Del aserrín a la lona
Desde que la lucha existe, el ring ha sido el escenario espectacular del pancracio. Y en algunos casos, seguramente muy contados, ha servido de dormitorio para algunos aventureros en busca de emociones nuevas o para los deseosos de ahorrarse el costo del boleto de entrada a la arena. Aquella sonada noche, víspera del gran estreno del nuevo cuadrilátero, el equipo de herreros encargados de instalarlo se quedó a dormir en él. La viuda Florencia Méndez, madre de Marcial, había suplido con diligencia las funciones de vigilante para ganarse la vida desde el fallecimiento de su marido. Aun sin él, la arena seguía siendo su vida, su casa.
Pablo ajustaba las cuerdas del ring en cada función con la precisión de un relojero.
“Vamos a descansar un rato”. Memo, Lalo y el Guayabas instalaron los colchones sobre la lona antes de caer en un sueño profundo.
El relleno de aserrín iba a desaparecer de la arena, para ser remplazado por una capa rechoncha y amortiguadora de hule espuma debajo de la lona extendida con orgullo a los cuatros postes. El cuadrilátero recién montado estaba reluciente un día antes de su estreno.

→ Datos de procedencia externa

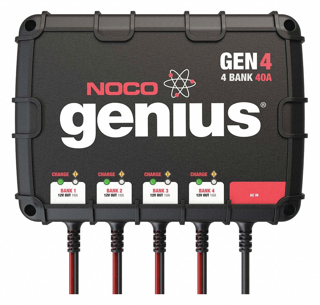 NOCO Genius GEN4, 4-Bank, 40-Amp (10-Amp Per Bank) Fully-Automatic Smart Marine Charger, 12V Onboard Battery Charger and Battery Maintainer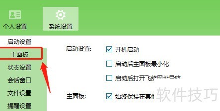 3、 进入系统设置,点击左侧功能栏的主面板选项。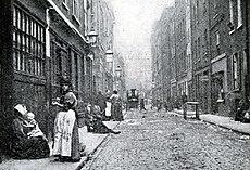 All the identified victims of the Whitechapel murders lived within the heart of the rookery in Spitalfields, including three in George Street (later named Lolesworth Street), two in Dorset Street, two in Flower and Dean Street and one in Thrawl Street.[8]
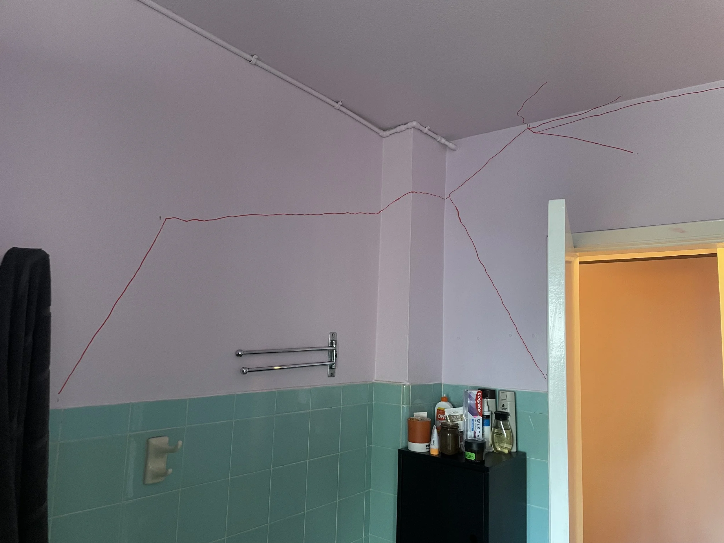 A obra não propõe reparo, mas exposição: ao marcar diretamente as superfícies da casa, a artista transforma um espaço íntimo em território de inscrição e leitura. As linhas vermelhas, feitas de uma só vez, funcionam como rachaduras visíveis que revelam os estados de desgaste e abandono do ambiente, tensionando os limites entre o que é estrutura e o que é falha, entre gesto artístico e ruína silenciosa.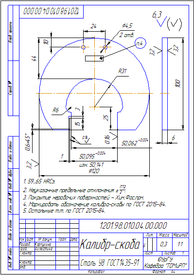 Калибр-скоба 50 мм. Чертёж курсовой либо расчётно-графической работы.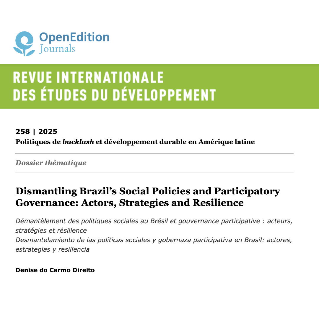 A EPPGG Denise Direito publicou artigo na revista Revue Internationale des Études du Développement a respeito do desmonte dos mecanismos participativos da política de assistência social no Brasil no período de 2015 a 2022. Embora a fase mais aguda da pandemia de covid-19 esteja incluída nesse recorte – o que pressionou as áreas de políticas sociais –, as despesas da assistência social, quando comparados os gastos discricionários de 2016 com os de 2021, registraram queda de 54% no País.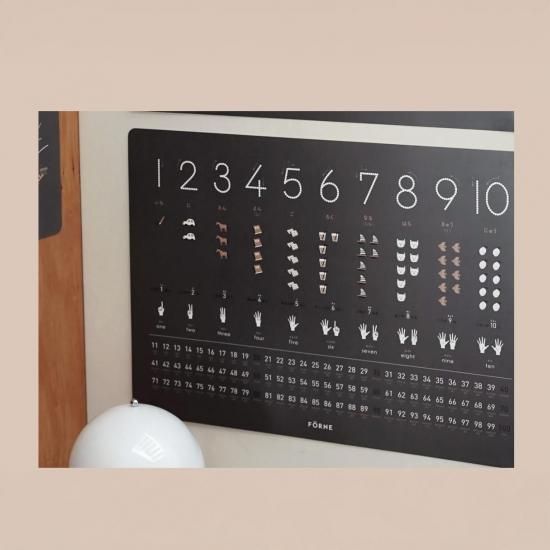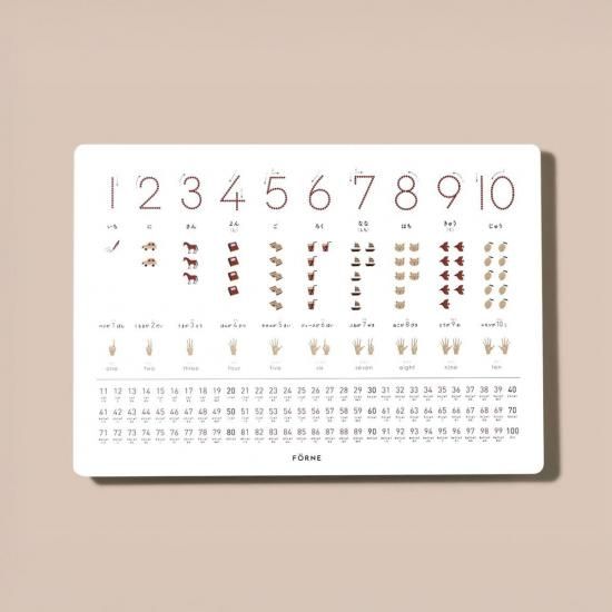 1〜10までの数字と数の数えかた・書きかた・読みかた・英語表記が学べる「数字ポスター」。

Memo despertó, aturdido por una pesadilla. Maldito café que había tomado en exceso para permanecer despierto y terminar su trabajo. Dio un paseo por las gradas. La luz de la calle se filtraba por las ventanas y lo guiaba por los asientos de madera. A pesar de los ronquidos sonoros de sus compinches, concilió nuevamente el sueño. Un tablazo, o algo que parecía serlo, hizo brincar a los herreros desconcertados y asustados. El nuevo relleno no absorbió el ruido sino al contrario, lo expandió por toda la arena. Memo revisó la entrada, Lalo las ventanas y el Guayabas las butacas de una en una sin que apareciera por lo menos un pedazo de madera. El cansancio no venció el susto tremendo que se habían llevado. Intentaron dormir de nuevo. Imposible. Memo, Lalo y el Guayabas hablaron hasta el amanecer de sus amoríos de la infancia para olvidar el ruido de sus propios suspiros que se hacían eco en la arena vacía. Lalo imaginó a las tres de la mañana que un señor los observaba, sentado en una butaca de las primeras filas, pero sus compañeros lo callaron, suplicándole que no se bajara del ring para averiguarlo. Se refugiaron entonces en la oficina de la arena.
Al día siguiente, doña Florencia Méndez llegó sonriente con una charola de pan dulce recién salido del horno de la panadería y cuatro vasos de café humeante: “El mundo pertenece a los que se levantan temprano”.
Su rostro se crispó al contemplar el nuevo ring: “Ay Basilio, ahora sí te hubiera dado un infarto”.
Despertando para desafiar el pasado, el espíritu de Basilio que antes se dedicaba a barrer el aserrín después del combate, seguía errando para afirmar: “Yo soy el vigilante de la arena”. Tomó de la mano a su esposa y ambos salieron por la puerta cerrada.